想法是您可以跳过根来查找子树,或者您可以保留根,在这种情况下您可以跳过根,因为那样它就不是子树了。
我正在学习一门课程的序言。作为练习,我需要部分地生成给定树的所有子树。 问题是它会生成错误的子树
这是代码
build_tree3(T):-
T=t(t(t(nil, -5, nil), 4, t(t(nil, 15, nil), -20, t(nil, 10, nil))), 2, t(nil, -8, t(t(nil, 9, nil),12,t(nil, 10, nil)))).
get_sol(Tree, List, N):-
without_root(Tree, List1, N1),
with_root(Tree, List2, N2),!,
max_set(List1, N1, List2, N2, List, N).
max_set(List1, N1, List2, N2, List, N) :-
(N1>N2,List=List1,N=N1;
N2>N1,List=List2,N=N2;
N2=:=N1,N=N1,(List=List1;List=List2)).
without_root(nil, _, 0).
without_root(t(L, _, R), List, N):-
get_sol(L, LeftList, LeftN),
get_sol(R, RightList, RightN),
append(LeftList, RightList, List),
N is LeftN + RightN.
with_root(nil, [], 0).
with_root(t(L, X, R), [X|List], N):-
with_root(L, LeftList, LeftN),
with_root(R, RightList, RightN),
append(LeftList, RightList, List),
N is LeftN + RightN + X.
这是控制台
build_tree3(T), get_sol(T, L, N).
结果是 大号 = [15,10,12,9,10] , N = 56 ; 当它应该是 大号 = [12,9,10] , N = 31;
你的解决方案returns L=[15,10,12,9,10]因为它找到了最大独立集,所以它没有被强制return一个子树。
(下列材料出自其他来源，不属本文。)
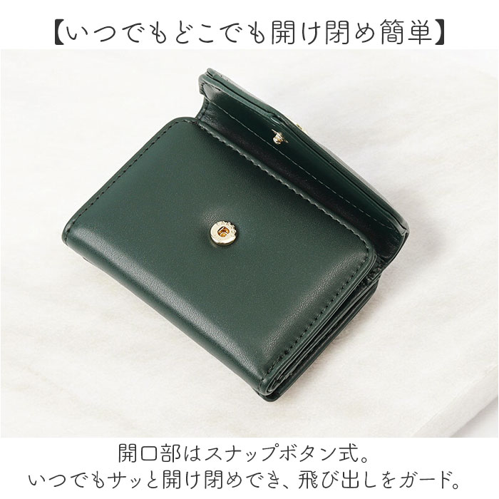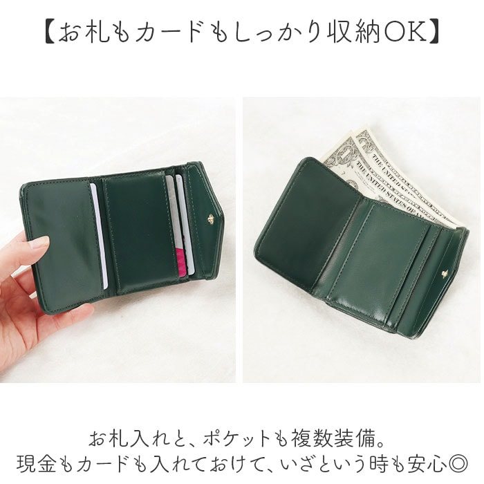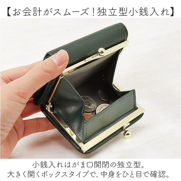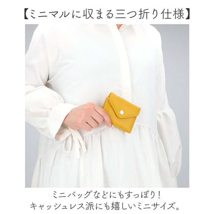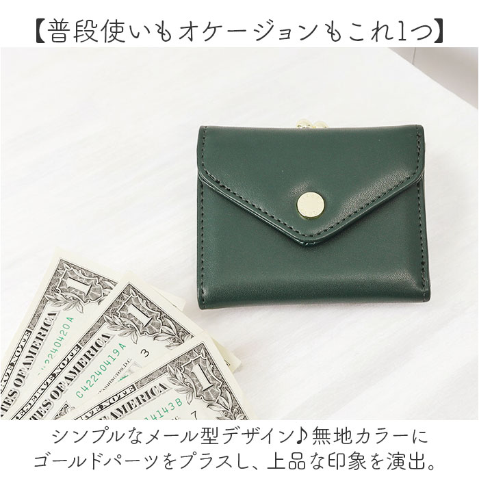 | 商品説明 | 【現金やカードをすっきりひとまとめ】おしゃれに持ち歩けて使いやすい♪「Legato Largo メール型がま口3つ折り財布」【ミニマルに収まる三つ折り仕様】ミニバッグなどにもすっぽり!キャッシュレス派にも嬉しいミニサイズ。【お会計がスムーズ!独立型小銭入れ】小銭入れはがま口開閉の独立型。大きく開くボックスタイプで、中身をひと目で確認。【いつでもどこでも開け閉め簡単】開口部はスナップボタン式。いつでもサッと開け閉めでき、飛び出しをガード。【お札もカードもしっかり収納OK】お札入れと、ポケットも複数装備。現金もカードも入れておけて、いざという時も安心◎【普段使いもオケージョンもこれ1つ】シンプルなメール型デザイン♪無地カラーにゴールドパーツをプラスし、上品な印象を演出。【ポケット仕様】内側:お札入れ×1、カードポケット×4背面:がま口式ボックス型小銭入れ×1 |

您可以更改部分代码如下:
sol_tree(Tree,List,N):-
sol_tree_noroot(Tree,L1,N1),
sol_tree_withroot(Tree,L2,N2),!,
max_set(L1,N1,L2,N2,List,N).
max_set(List1, N1, List2, N2, List, N) :-
(N1>N2,List=List1,N=N1;
N2>N1,List=List2,N=N2;
N2=:=N1,N=N1,(List=List1;List=List2)).
sol_tree_noroot(nil,[],0).
sol_tree_noroot(t(L,_,R),List,N):-
sol_tree(L,L1,N1),sol_tree(R,R1,N2),!,
max_set(L1, N1, R1, N2, List, N).
sol_tree_withroot(nil,[],0).
sol_tree_withroot(t(L,X,R),[X|List],N3):-
sol_tree_withroot(L,L1,N1),sol_tree_withroot(R,R1,N2),
max_set2(L1,N1,R1,N2,List,N),
N3 is N+X.
max_set2(L1,N1,L2,N2,List,N):-
(N1>0,N2>0,N is N1+N2,append(L1,L2,List);
N1>=0,N2<0,N is N1 ,List=L1;
N1<0,N2>=0,N is N2 ,List=L2;
N1<0,N2<0,N1<N2,N is N2 ,List=L2;
N1<0,N2<0,N1>N2,N is N1 ,List=L1;
N1>0,N2=0,N is N1,(List=L1;append(L1,L2,List));
N1=0,N2>0,N is N2,(List=L2;append(L1,L2,List));
N1=0,N2=0,N is N1,(List=L1;List=L2;append(L1,L2,List))).
想法是您可以跳过根来查找子树,或者您可以保留根,在这种情况下您可以跳过根,因为那样它就不是子树了。